§ **Assignment**:
A faithful retyping of every entry below is wanted, with images left out.

§ **Source data**:
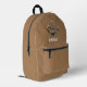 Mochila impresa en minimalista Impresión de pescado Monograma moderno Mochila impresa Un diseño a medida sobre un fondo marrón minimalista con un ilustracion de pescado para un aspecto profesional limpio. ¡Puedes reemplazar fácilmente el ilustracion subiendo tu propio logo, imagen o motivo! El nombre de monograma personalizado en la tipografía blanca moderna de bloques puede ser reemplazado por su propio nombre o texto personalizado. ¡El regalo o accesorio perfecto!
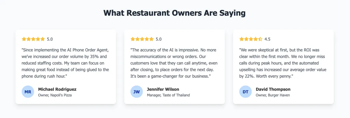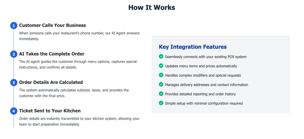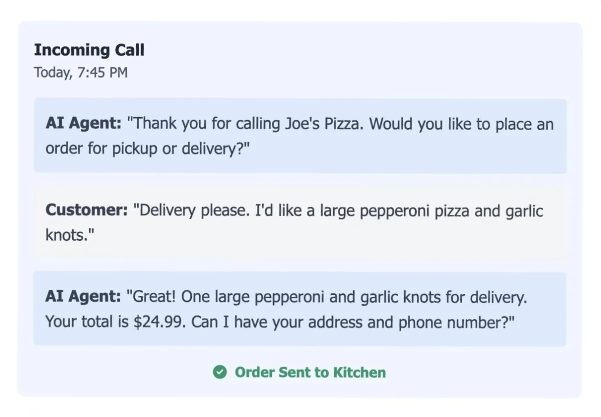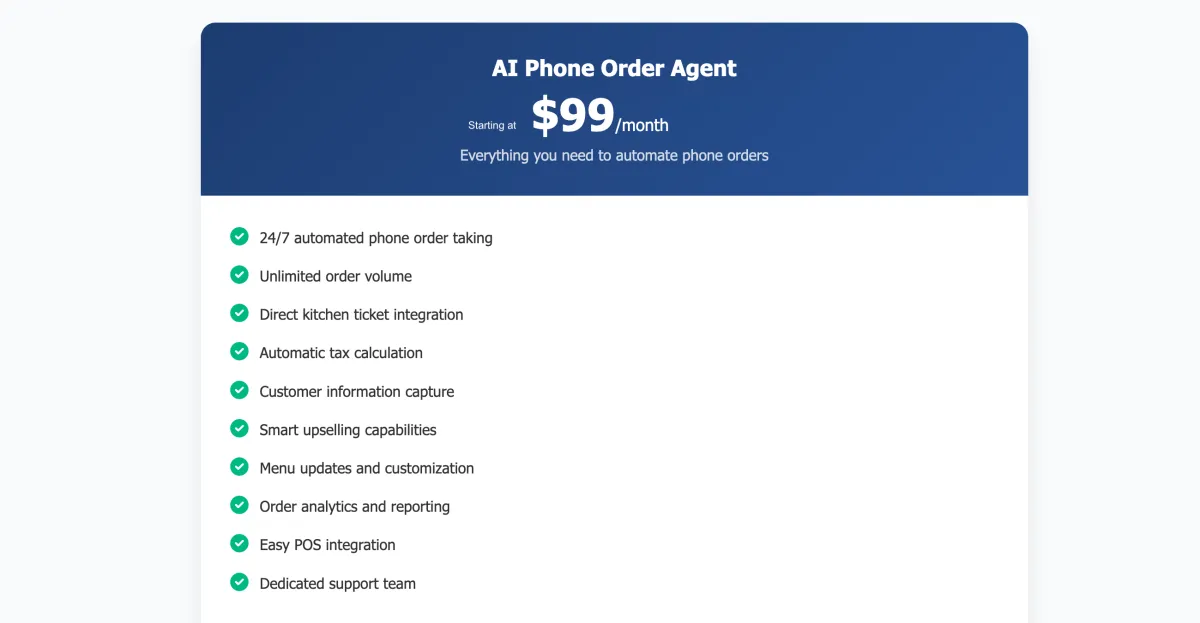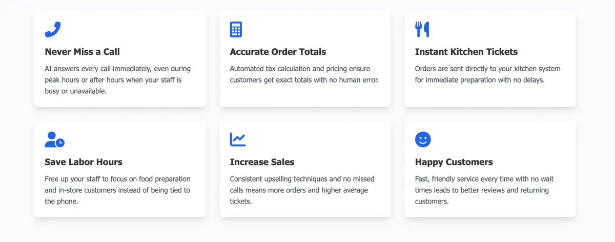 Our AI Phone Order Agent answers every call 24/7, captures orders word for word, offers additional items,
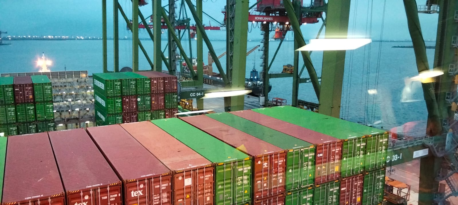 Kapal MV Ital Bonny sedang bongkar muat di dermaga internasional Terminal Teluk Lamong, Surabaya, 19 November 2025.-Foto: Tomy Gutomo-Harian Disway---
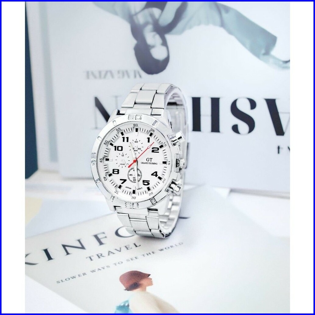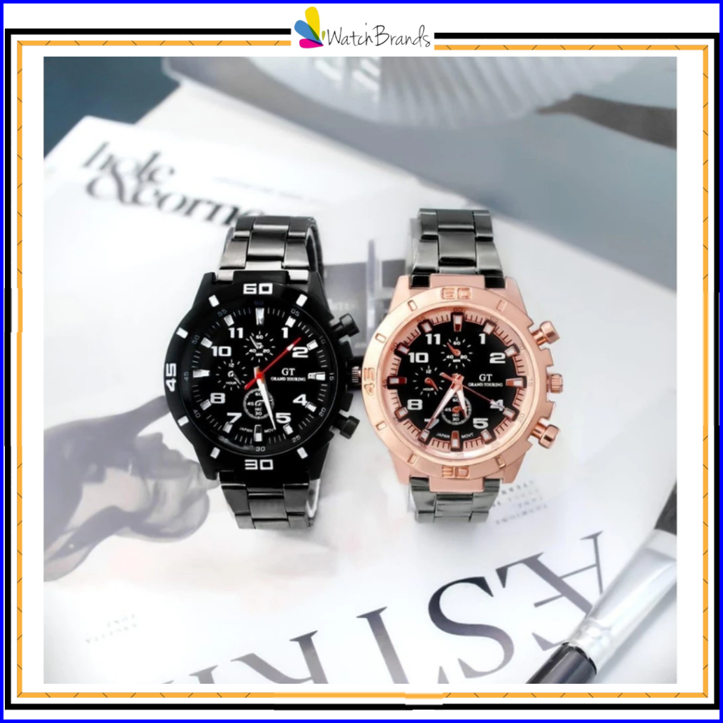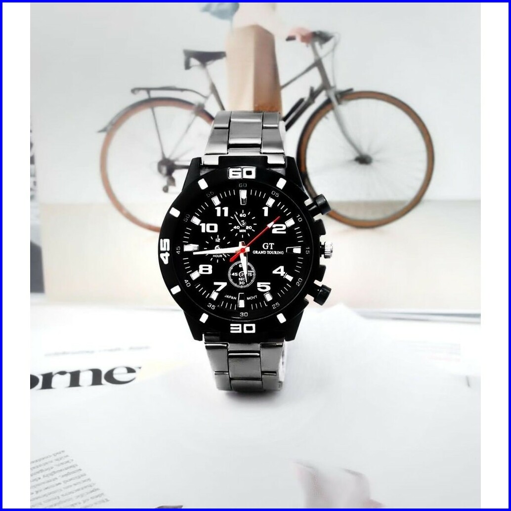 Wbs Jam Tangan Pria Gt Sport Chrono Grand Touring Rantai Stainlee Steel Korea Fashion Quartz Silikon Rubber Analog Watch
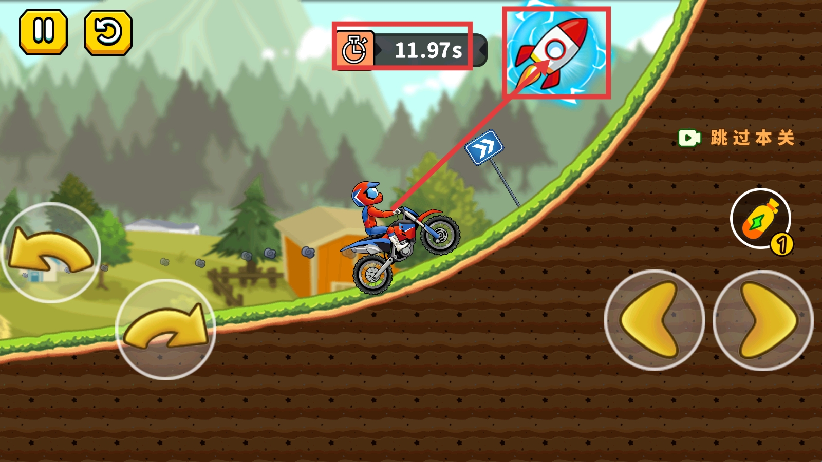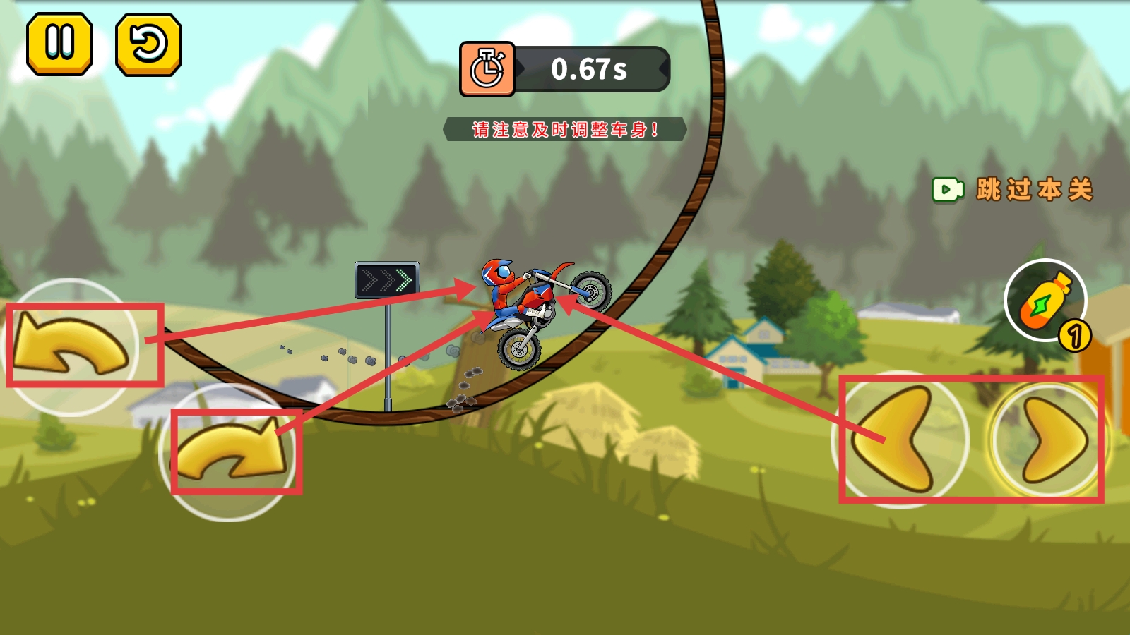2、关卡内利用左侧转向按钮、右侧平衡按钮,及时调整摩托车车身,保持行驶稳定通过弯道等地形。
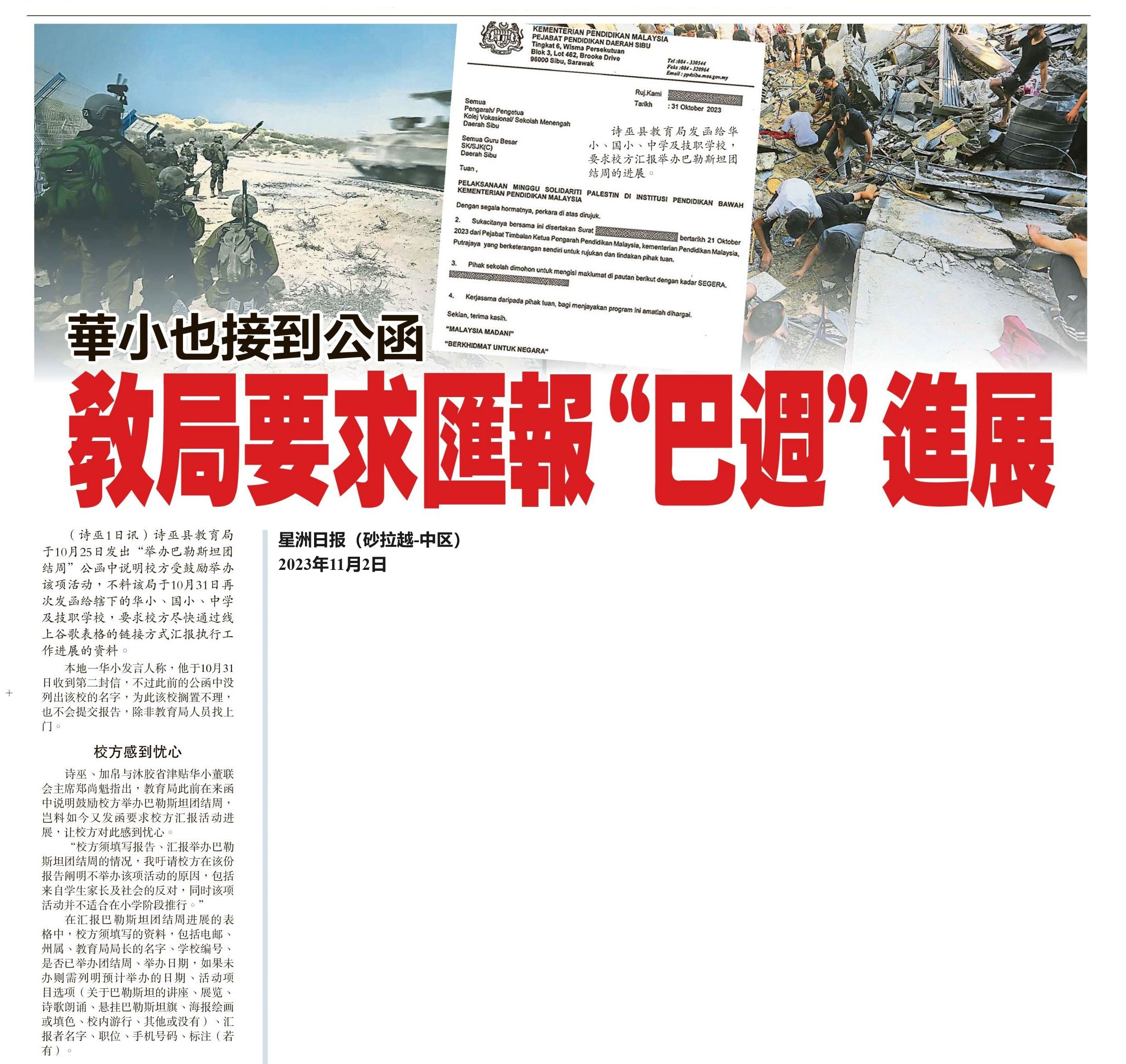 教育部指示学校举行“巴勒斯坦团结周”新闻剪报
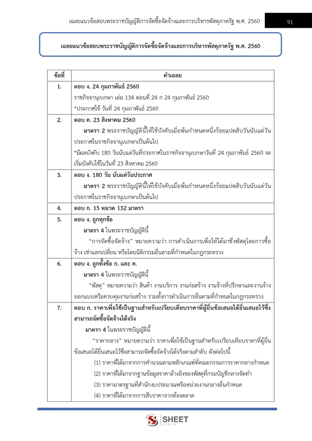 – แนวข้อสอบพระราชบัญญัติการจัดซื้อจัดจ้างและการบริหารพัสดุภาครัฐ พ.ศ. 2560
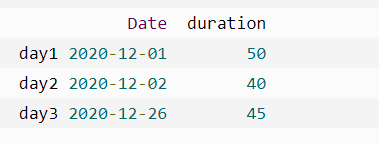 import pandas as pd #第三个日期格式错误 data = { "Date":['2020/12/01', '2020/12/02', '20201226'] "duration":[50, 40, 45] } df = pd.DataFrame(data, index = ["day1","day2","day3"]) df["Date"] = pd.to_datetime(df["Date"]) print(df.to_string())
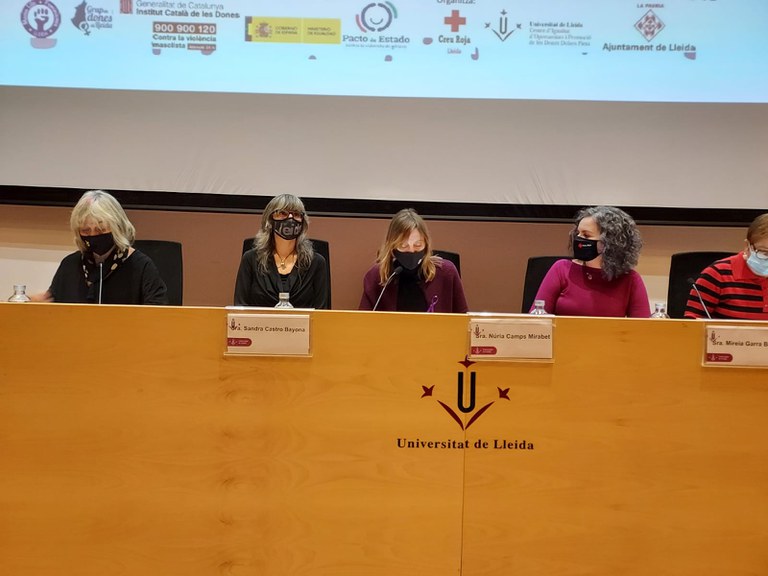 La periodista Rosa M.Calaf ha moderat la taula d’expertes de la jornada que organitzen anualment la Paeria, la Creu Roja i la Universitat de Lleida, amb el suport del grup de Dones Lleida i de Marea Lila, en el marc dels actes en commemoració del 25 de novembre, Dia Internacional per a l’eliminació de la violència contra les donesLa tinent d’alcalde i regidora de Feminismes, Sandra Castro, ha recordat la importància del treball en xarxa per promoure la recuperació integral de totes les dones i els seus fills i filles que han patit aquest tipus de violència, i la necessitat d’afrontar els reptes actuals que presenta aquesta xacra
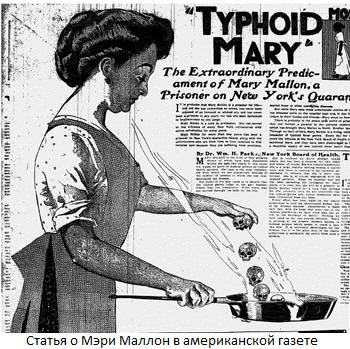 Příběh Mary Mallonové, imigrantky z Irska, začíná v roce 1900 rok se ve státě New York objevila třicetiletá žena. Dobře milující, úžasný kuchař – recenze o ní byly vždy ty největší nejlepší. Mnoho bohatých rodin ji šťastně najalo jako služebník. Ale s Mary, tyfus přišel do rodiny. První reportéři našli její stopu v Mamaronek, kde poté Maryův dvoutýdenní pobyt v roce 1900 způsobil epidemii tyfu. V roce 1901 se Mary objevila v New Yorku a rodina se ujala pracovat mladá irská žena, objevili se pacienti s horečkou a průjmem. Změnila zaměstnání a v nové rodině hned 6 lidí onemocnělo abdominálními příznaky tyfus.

§ **Your solution**:
 Mochila impresa en minimalista Impresión de pescado Monograma moderno Mochila impresa Un diseño a medida sobre un fondo marrón minimalista con un ilustracion de pescado para un aspecto profesional limpio. ¡Puedes reemplazar fácilmente el ilustracion subiendo tu propio logo, imagen o motivo! El nombre de monograma personalizado en la tipografía blanca moderna de bloques puede ser reemplazado por su propio nombre o texto personalizado. ¡El regalo o accesorio perfecto!
 Our AI Phone Order Agent answers every call 24/7, captures orders word for word, offers additional items,
 Kapal MV Ital Bonny sedang bongkar muat di dermaga internasional Terminal Teluk Lamong, Surabaya, 19 November 2025.-Foto: Tomy Gutomo-Harian Disway---
 Wbs Jam Tangan Pria Gt Sport Chrono Grand Touring Rantai Stainlee Steel Korea Fashion Quartz Silikon Rubber Analog Watch
2、关卡内利用左侧转向按钮、右侧平衡按钮,及时调整摩托车车身,保持行驶稳定通过弯道等地形。
 教育部指示学校举行“巴勒斯坦团结周”新闻剪报
 – แนวข้อสอบพระราชบัญญัติการจัดซื้อจัดจ้างและการบริหารพัสดุภาครัฐ พ.ศ. 2560
 import pandas as pd #第三个日期格式错误 data = { "Date":['2020/12/01', '2020/12/02', '20201226'] "duration":[50, 40, 45] } df = pd.DataFrame(data, index = ["day1","day2","day3"]) df["Date"] = pd.to_datetime(df["Date"]) print(df.to_string())
 La periodista Rosa M.Calaf ha moderat la taula d’expertes de la jornada que organitzen anualment la Paeria, la Creu Roja i la Universitat de Lleida, amb el suport del grup de Dones Lleida i de Marea Lila, en el marc dels actes en commemoració del 25 de novembre, Dia Internacional per a l’eliminació de la violència contra les donesLa tinent d’alcalde i regidora de Feminismes, Sandra Castro, ha recordat la importància del treball en xarxa per promoure la recuperació integral de totes les dones i els seus fills i filles que han patit aquest tipus de violència, i la necessitat d’afrontar els reptes actuals que presenta aquesta xacra
 Příběh Mary Mallonové, imigrantky z Irska, začíná v roce 1900 rok se ve státě New York objevila třicetiletá žena. Dobře milující, úžasný kuchař – recenze o ní byly vždy ty největší nejlepší. Mnoho bohatých rodin ji šťastně najalo jako služebník. Ale s Mary, tyfus přišel do rodiny. První reportéři našli její stopu v Mamaronek, kde poté Maryův dvoutýdenní pobyt v roce 1900 způsobil epidemii tyfu. V roce 1901 se Mary objevila v New Yorku a rodina se ujala pracovat mladá irská žena, objevili se pacienti s horečkou a průjmem. Změnila zaměstnání a v nové rodině hned 6 lidí onemocnělo abdominálními příznaky tyfus.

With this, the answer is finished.